Толстой и Сютаев
Толстой и Сютаев
Толстой считал себя представителем народа, который смотрит на жизнь снизу, но смотрит правильно. Надо было найти в народе учителя. Он хотел учиться у народа. В это время многие думали, что сектантство воплощает лучшие мечты крестьянства.
О Сютаеве Толстой услышал от А. С. Пругавина – человека, специально занимающегося расколом и сектантством. Вера молокан и субботников не удовлетворила Толстого; они все время ссылались на Библию, «мямлили», как характеризовал эту систему мышления Толстой.
Он искал главным образом не религии, а этики. Ее он надеялся найти у крестьян, но не зараженных буквальным пониманием Библии и Евангелия.
Весть о Сютаеве Толстого обрадовала.
Вот что Пругавин рассказал о Сютаеве. Сютаев и сын его отказались от военной службы и после тюремного заключения, вернувшись в деревню, опять крестьянствовали.

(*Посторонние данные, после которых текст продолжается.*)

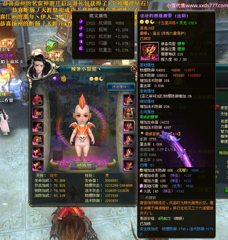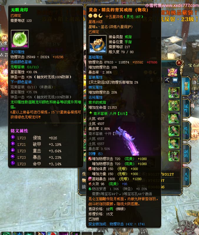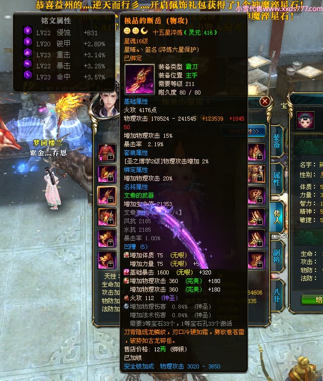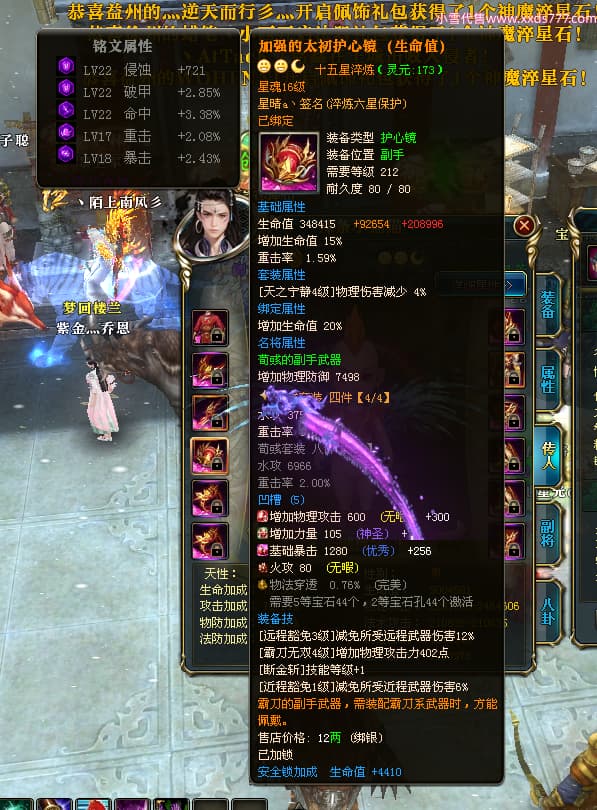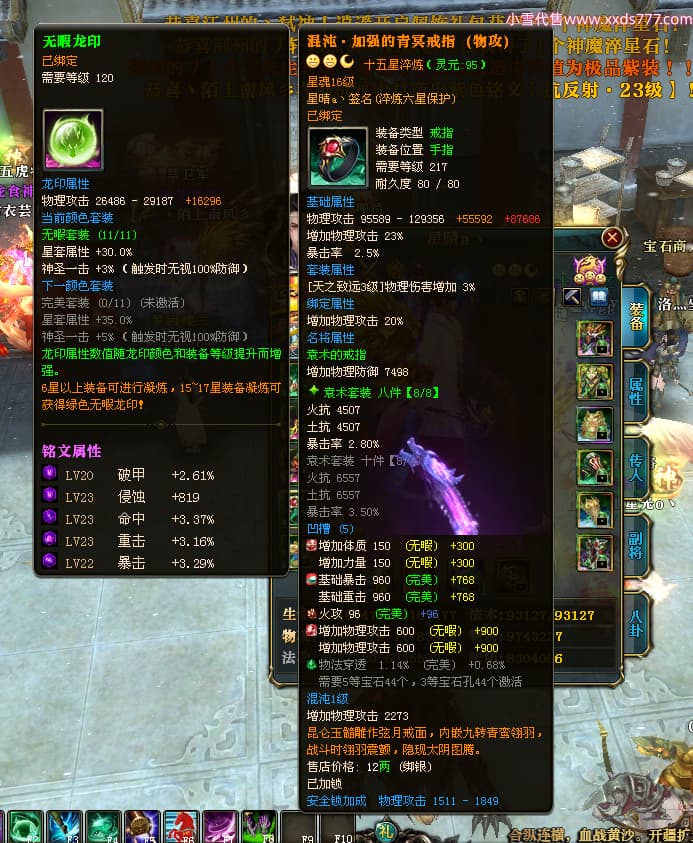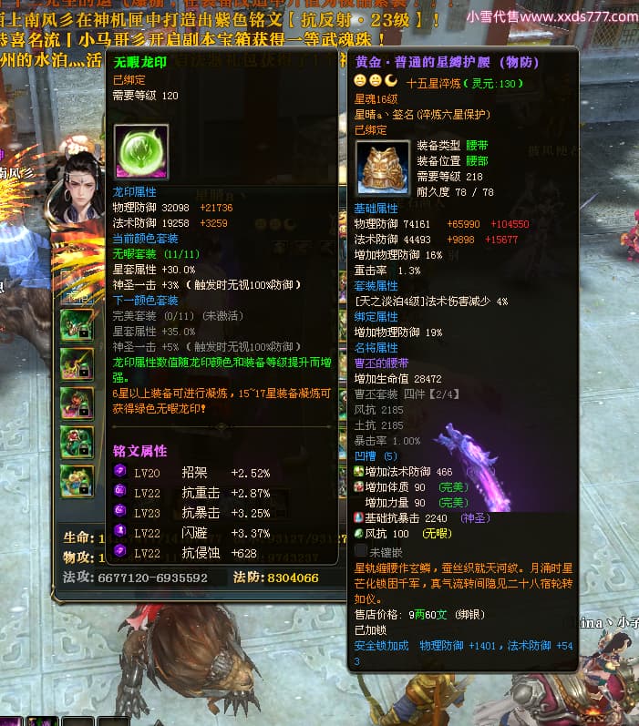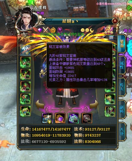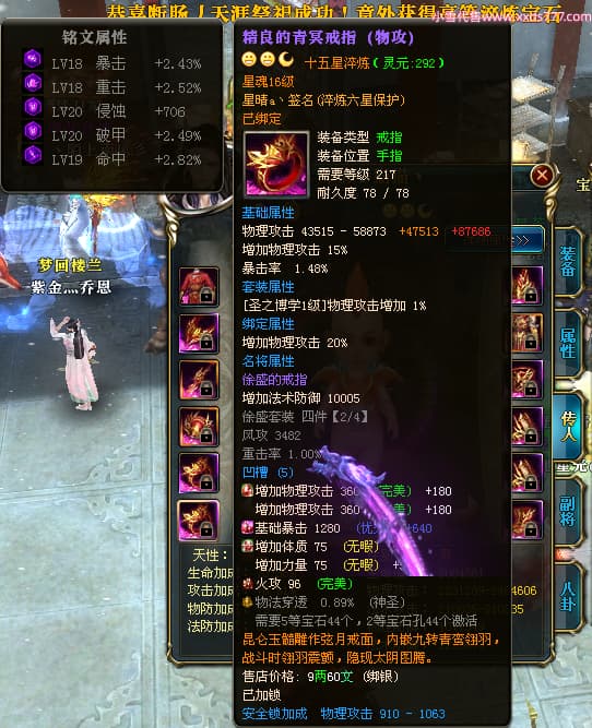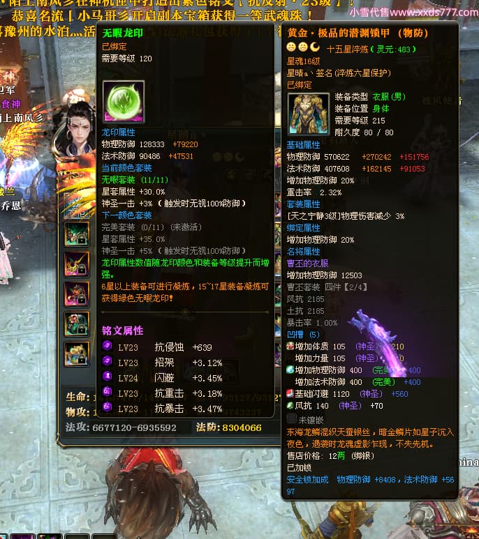 编号W24010 星晴a丶 龙舞九州 扬州 本国排名23名 16715W战力 人物黄金普通橙15X(6件混沌) 传人精良紫15X 副将极品紫12X 马史诗紫11X 精良紫14披风 人物星魂16级 传人星魂16级 副将星魂6级 马星魂12级 人物铭刻15级 点亮16星 马铭刻1件15级其余14级 点亮12星 人物绿龙印 马黄龙印 五六等单双属性神圣完美无暇石头 蓝黄孔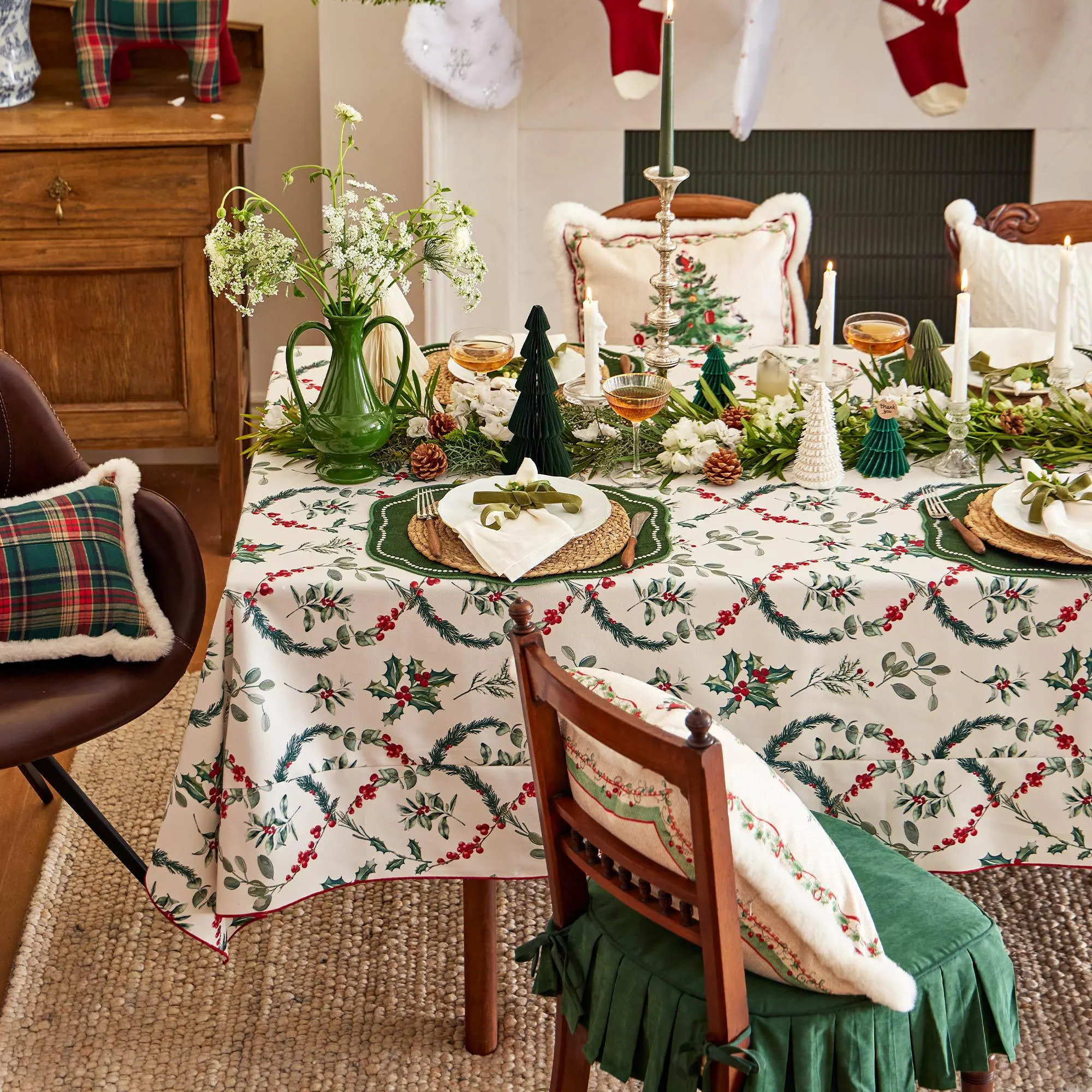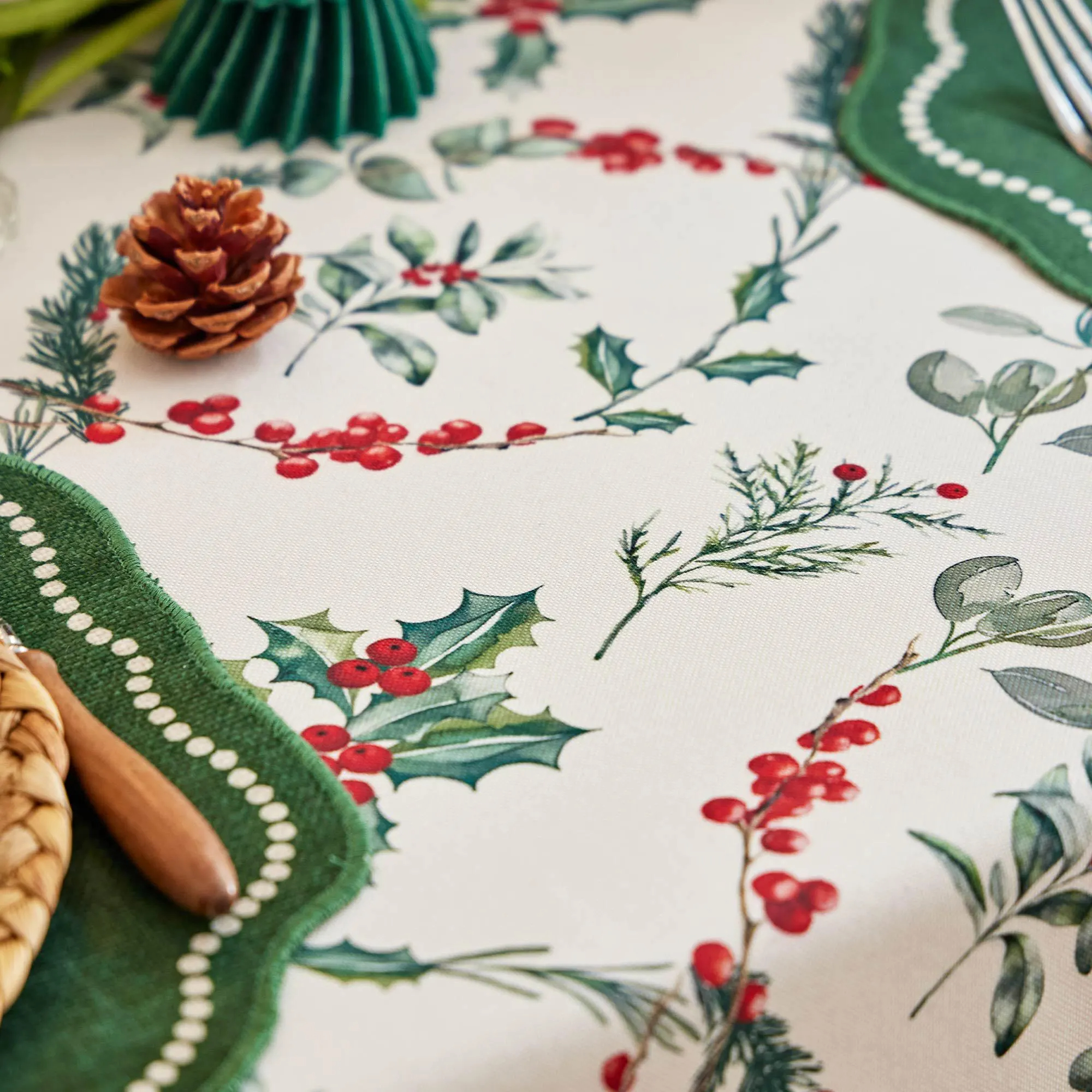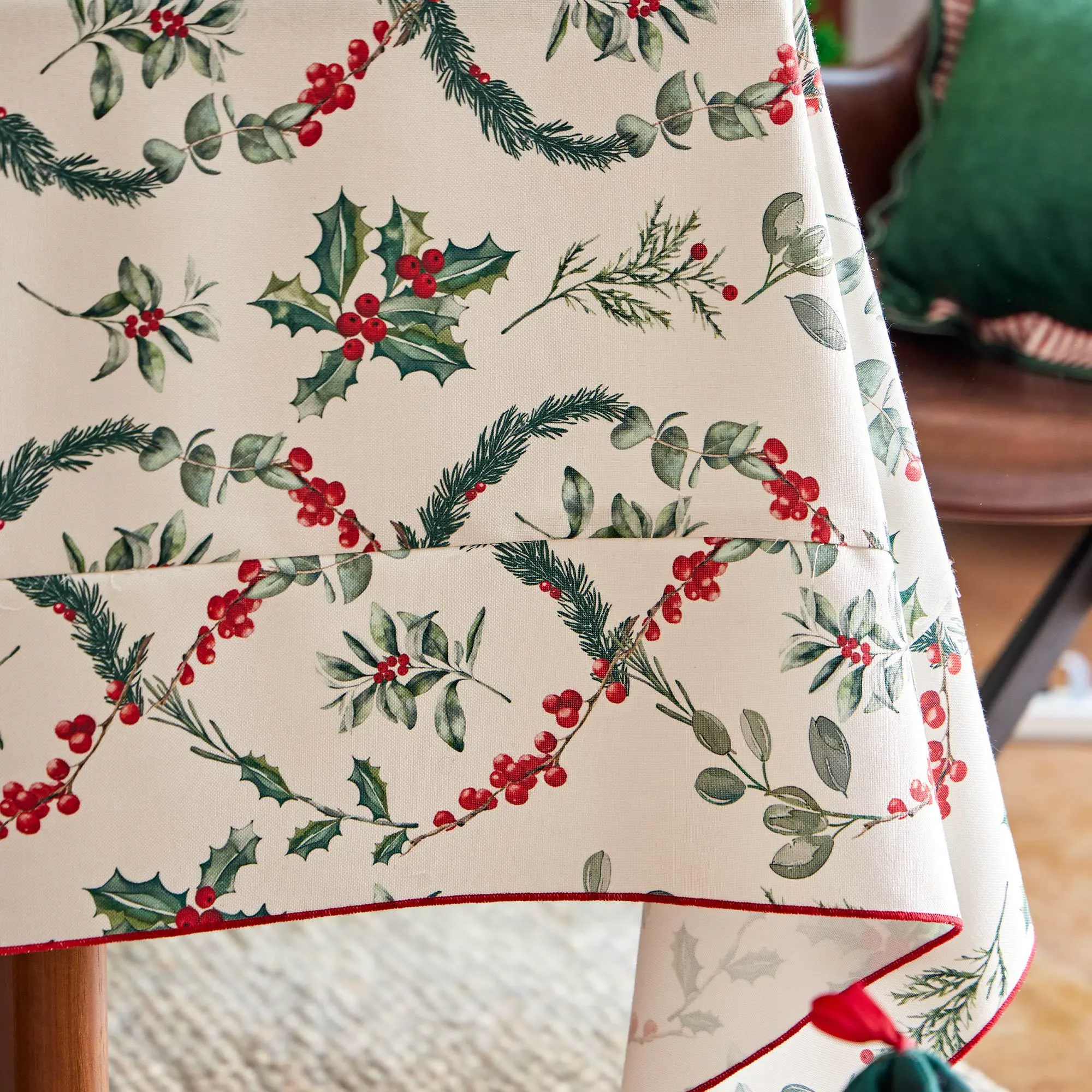 Amidst a creamy beige background, holly leaves, pine branches, and red berries form a series of small garlands, arranged diagonally. Fine red piping creates a refreshing yet restrained ambiance, perfect for both festive and everyday occasions.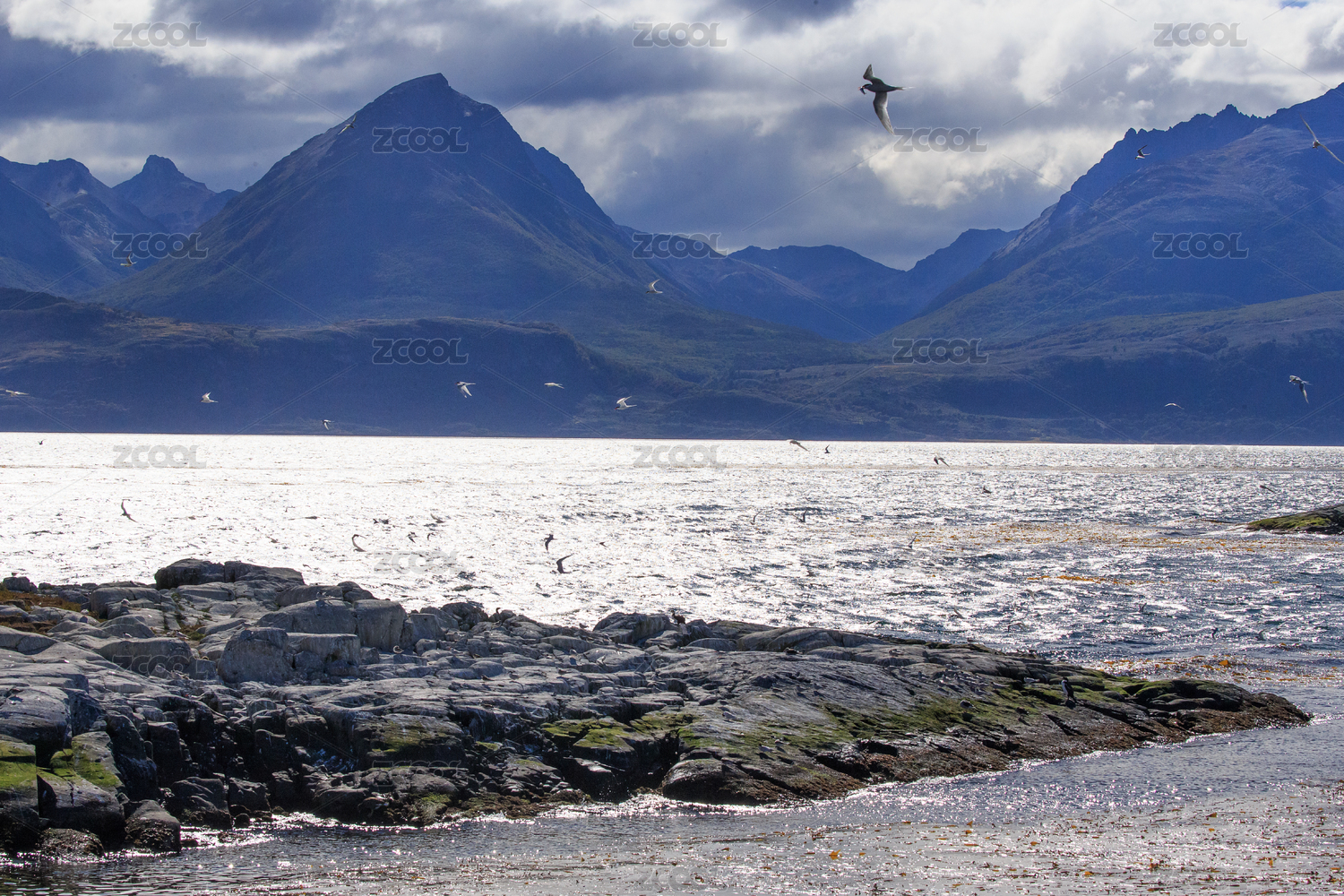 南美洲阿根廷的火地島國家中一群海鳥在南冰洋的海面起飛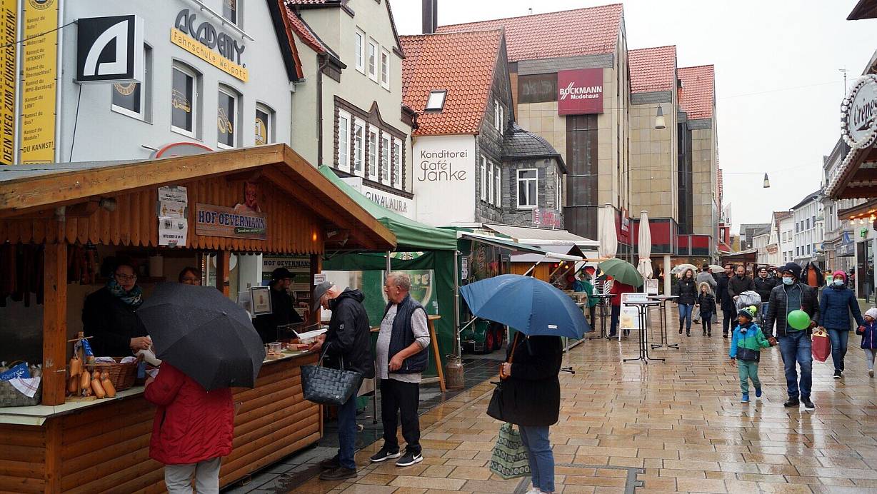 Wenige Meter von diesem Verkaufsstand auf dem Lübbecker Wurstmarkt entfernt ist der Mitarbeiter des Sicherheitsdienstes angegriffen worden. | © Michael Grundmeier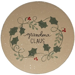 Grandma Claus Plates are decorative plates made from wood in an assortment of 3 seasonal styles. Each plate features hand-painted design and light distressing to complement rustic or farmhouse decor. One plate features a swirling circle of holly and berries around text that reads, "Grandma Claus." One plate features a circle of holly and string lights around text that reads, "grandkids make the holidays brighter." One plate features a circle of poinsettia flowers and leaves around text that reads, "this grandma knows Santa." The plates all feature white speckles on a neutral background. Each measures 6" in diameter by .5" deep. Please note: This Item features a variety of designs which are each sold individually (not as a set). Please add a note in your cart to indicate your preference. If no style is specified, one will be selected at random by our team.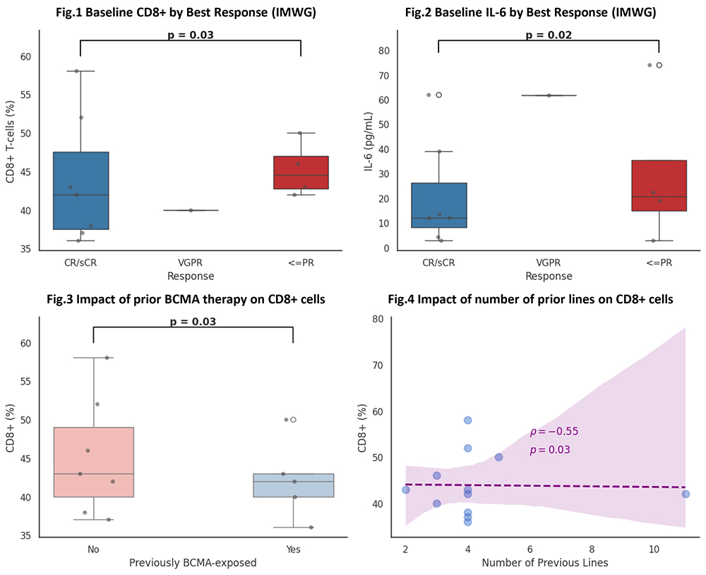 Results. Twelve patients were included (median age 74 years, range 54–80; 6 males), with a median of 4 prior therapy lines; 5 patients had prior BCMA-directed therapy. Eight patients received elranatamab and four teclistamab. Baseline CD8+ T-cell percentage differed significantly according to response: median 54% in CR/sCR, 45% in VGPR, and 38% in ≤PR (p=0.03, Figure 1). Baseline IL-6 levels were higher in inferior responders (median 12 pg/mL in CR/sCR vs 62 pg/mL in ≤PR; p=0.02, Figure 2). CD8+ inversely correlated with IL-6 (ρ=–0.62, p=0.01). Prior BCMA exposure and increasing number of previous therapy lines were associated with lower baseline CD8+ levels and reduced probability of deep response (ρ=–0.55, p=0.03; Figure 3-4). Patients with an “immune-favorable” profile (high CD8+, low IL-6) achieved CR/sCR even after multiple prior lines, whereas immune-unfavorable patients showed inferior outcomes. Longitudinally, responders maintained or increased CD8+ levels with declining IL-6 (Friedman p=0.04), while non-responders exhibited persistently low CD8+ and rising IL-6 (Friedman p=0.02).
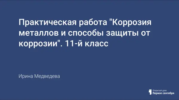 На уроке интерактивные формы организации повторения ключевых вопросов темы интегрированы с экспериментальным исследованием сущности коррозии металлов и способов защиты от коррозии, что не только способствует качественному усвоению учебного материала, но и развитию умений наблюдать, сравнивать, обобщать и объяснять происходящие явления, используя знания, полученные в результате выполнения практической работы.

Лев Николаевич в 1881 году поздней осенью поехал в Торжок – маленький город недалеко от Твери – к Сютаеву.
Он искал праведника. В Москве он нашел одного праведника – библиотекаря Николая Федоровича Федорова, но Федоров был одинок, путь его был фантастичен, единствен; идеал невероятен – физическое воскрешение мертвых. Сютаев проповедовал житие святых сейчас.
Что же увидел Толстой у Сютаева?
Сютаев жил с сыновьями большой неразделенной семьей. Он пас деревенское стадо, добровольно избрав эту должность, потому что жалел скотину и говорил, что у других пастухов скотине плохо, а он водит ее по хорошим местам и наблюдает, чтобы стадо было сыто и напоено.
Вероятно, служба пастуха давала Сютаеву какие-то деньги, которые помогали ему вести хозяйство, в общем натуральное, а деньги в восьмидесятых годах уже были нужны. Все в семье Сютаева было общее, даже бабьи сундуки были общие.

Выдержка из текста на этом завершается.